*** Data block ***

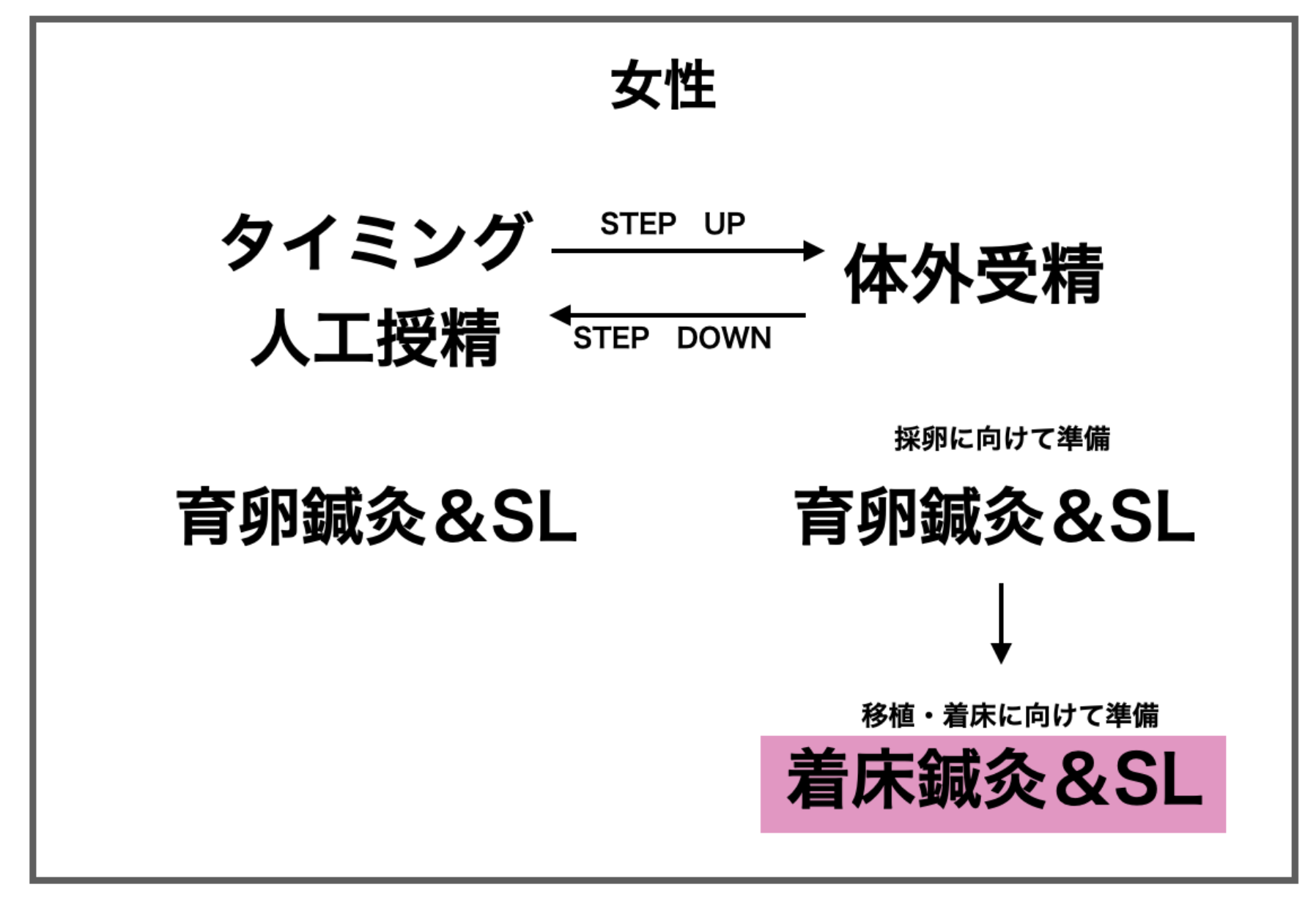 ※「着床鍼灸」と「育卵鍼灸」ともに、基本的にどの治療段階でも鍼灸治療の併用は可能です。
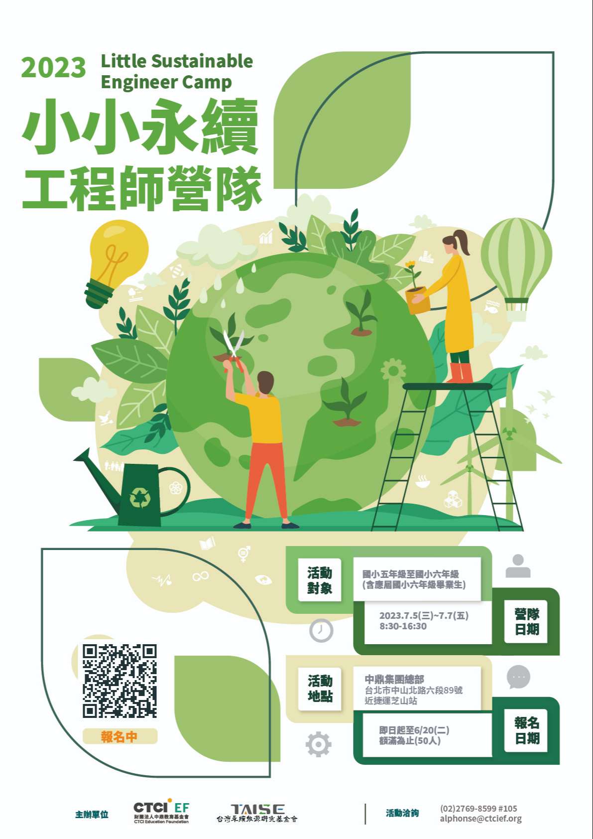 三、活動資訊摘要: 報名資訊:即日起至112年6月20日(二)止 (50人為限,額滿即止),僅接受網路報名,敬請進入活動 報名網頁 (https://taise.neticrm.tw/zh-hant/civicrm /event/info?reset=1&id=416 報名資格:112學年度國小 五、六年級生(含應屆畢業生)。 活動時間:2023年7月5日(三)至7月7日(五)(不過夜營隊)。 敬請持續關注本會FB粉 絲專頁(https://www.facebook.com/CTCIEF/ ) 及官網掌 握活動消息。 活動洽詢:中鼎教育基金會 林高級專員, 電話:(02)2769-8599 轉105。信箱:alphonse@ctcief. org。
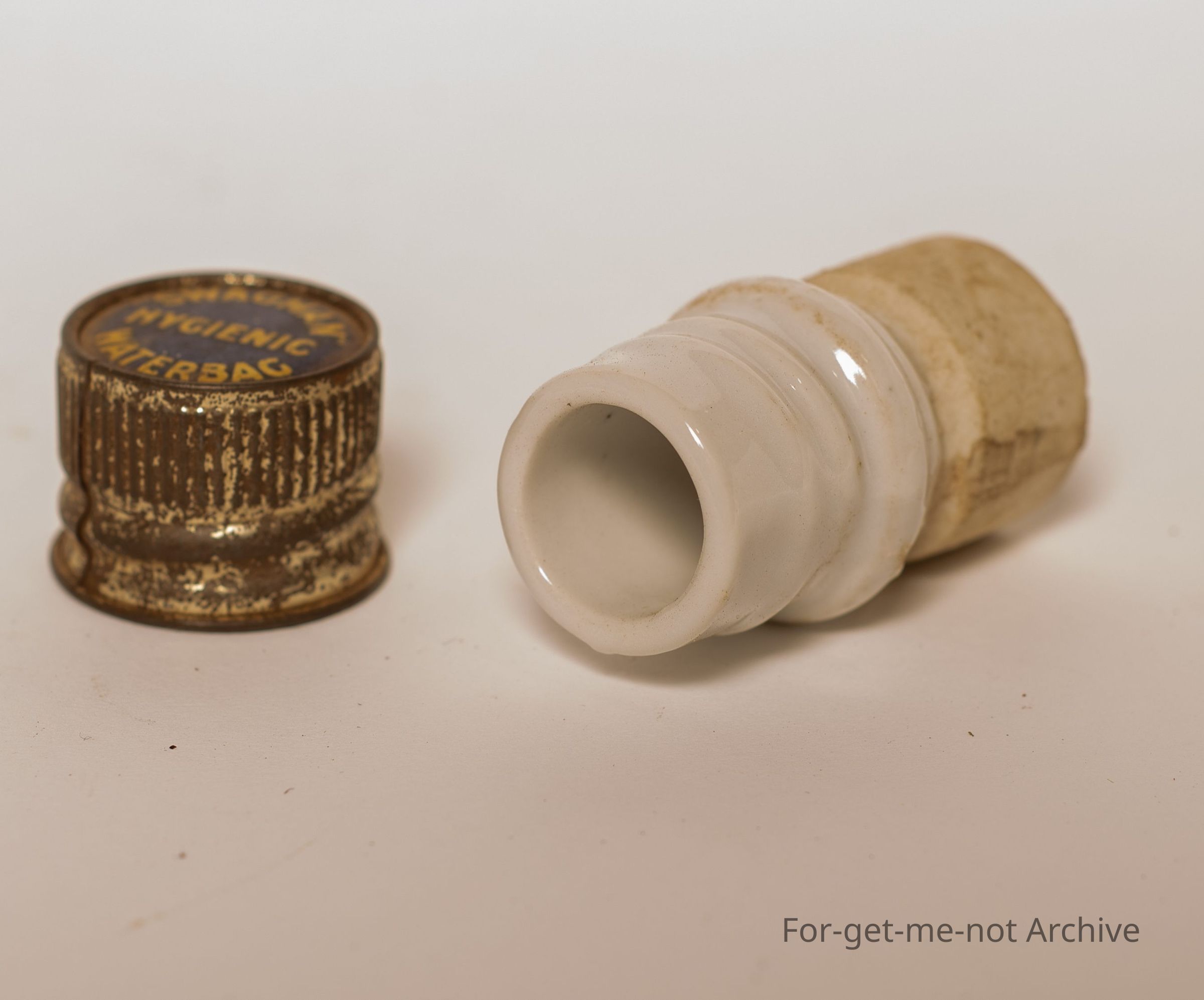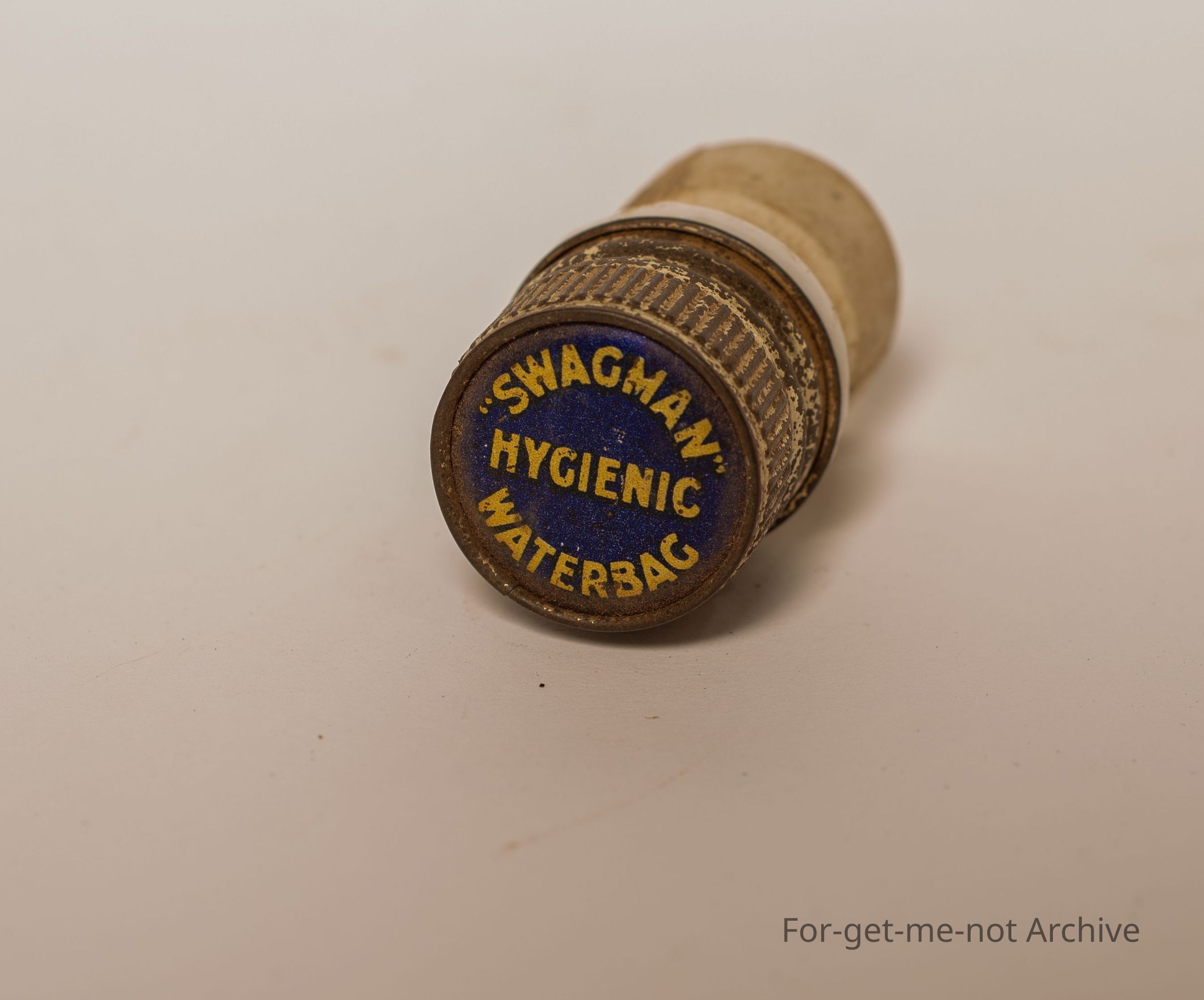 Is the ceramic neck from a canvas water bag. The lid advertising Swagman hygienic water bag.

*** End of Data block ***

What to produce:
Print the data once more without any change, skipping each picture.

Exercise response:
 ※「着床鍼灸」と「育卵鍼灸」ともに、基本的にどの治療段階でも鍼灸治療の併用は可能です。
 三、活動資訊摘要: 報名資訊:即日起至112年6月20日(二)止 (50人為限,額滿即止),僅接受網路報名,敬請進入活動 報名網頁 (https://taise.neticrm.tw/zh-hant/civicrm /event/info?reset=1&id=416 報名資格:112學年度國小 五、六年級生(含應屆畢業生)。 活動時間:2023年7月5日(三)至7月7日(五)(不過夜營隊)。 敬請持續關注本會FB粉 絲專頁(https://www.facebook.com/CTCIEF/ ) 及官網掌 握活動消息。 活動洽詢:中鼎教育基金會 林高級專員, 電話:(02)2769-8599 轉105。信箱:alphonse@ctcief. org。
 Is the ceramic neck from a canvas water bag. The lid advertising Swagman hygienic water bag.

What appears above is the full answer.